У Сергеева на этот счет имелись свои воспоминания и соображения, но он решил не перечить.
— Зачем отослал?
— Чтобы она не видела, как я дохну! — просвистел посаженными легкими Подольский. — Чтобы я не имел причин для слабости!
— Брось, Матвей, — сказал прозревший за доли секунды Михаил, — чего б это тебе дохнуть?
Все встало на место. Отдышка, белый пух, покрывающий его голову, словно тело новорожденного птенца, красные пятна на щеках, морщины, изменившие лицо до неузнаваемости.
Сергеев развернулся и тяжело уселся рядом с Подольским. По другую сторону от Матвея сел Молчун. Вода на палой листве превращалась в ледяную пленку. Капли, стекавшие по стволу осины, — в ледяные шарики. Их дыхание — в белые струи пара, выпадавшие влагой на одежду за доли секунды.
Не задумываясь, видит ли их кто-нибудь, Сергеев вытащил из кармана сигареты и закурил. Влажный табак трещал от огня, дым был горек.
— И мне, — попросил Матвей.
Молчун ничего не просил, просто взял сигарету сам.
— У тебя рак? — спросил Сергеев.
— Хер его знает, — Подольский потер лицо ладонью, словно пытался разгладить сетку морщин, превращавших его в старика день ото дня. — Наш лекарь обстучал, обнюхал, но что он может? Оборудования нет, лекарств — нет. Ничего нет. Рак, конечно. Я десять килограммов за три месяца потерял. Волосы выпали.

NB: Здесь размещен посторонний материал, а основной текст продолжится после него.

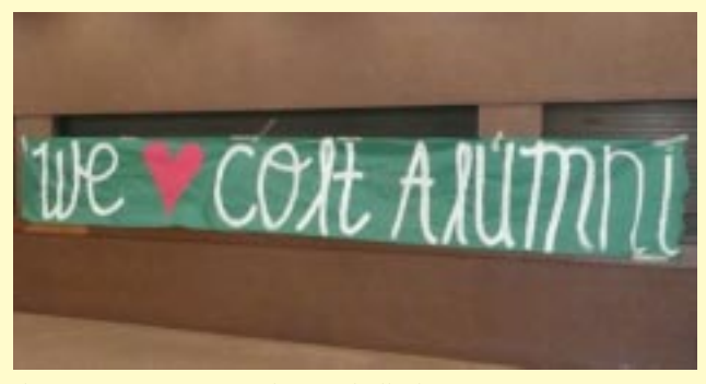
The Exes reception welcomed all Alumni.

— Ну, волосы от рака не выпадают…
— Брось, Миша, они у меня по всему телу выпали. Ты еще скажи, что это от неправильного питания.
— Боли есть? — спросил Сергеев, догадываясь, что услышит.
— Я второй месяц на морфии.
Матвей докурил и отбросил окурок в сторону залихватски, щелчком.
— Знаешь, — сказал он почти весело, — я после того, как в Потоп выжил, даже курить бросил. В один день. Думал, вот теперь буду жить долго и счастливо. Чего ж здоровье гробить? Ладно. Это я разнюнился. Все, закончили сопли и слезы. Вместо меня, скорее всего, будет Вадик. А к лету из Израиля обещали прислать настоящего раввина. Будет у нашего полковника свой политрук. Только как он тут питаться собирается, лично для меня загадка. Разве что есть какие-то послабления на случай войны и прочего. Ты случайно не знаешь?
— Что я могу об этом знать? — спросил Сергеев и добавил: — Вот, значит, откуда «галилы»?
— Оттуда, оттуда, — подтвердил Подольский. — Нас на Ничьей Земле больше двух тысяч человек. Армия. Пошли, Вадик заждался.
Он, кряхтя, поднялся на ноги и потрогал руками покрасневшие уши.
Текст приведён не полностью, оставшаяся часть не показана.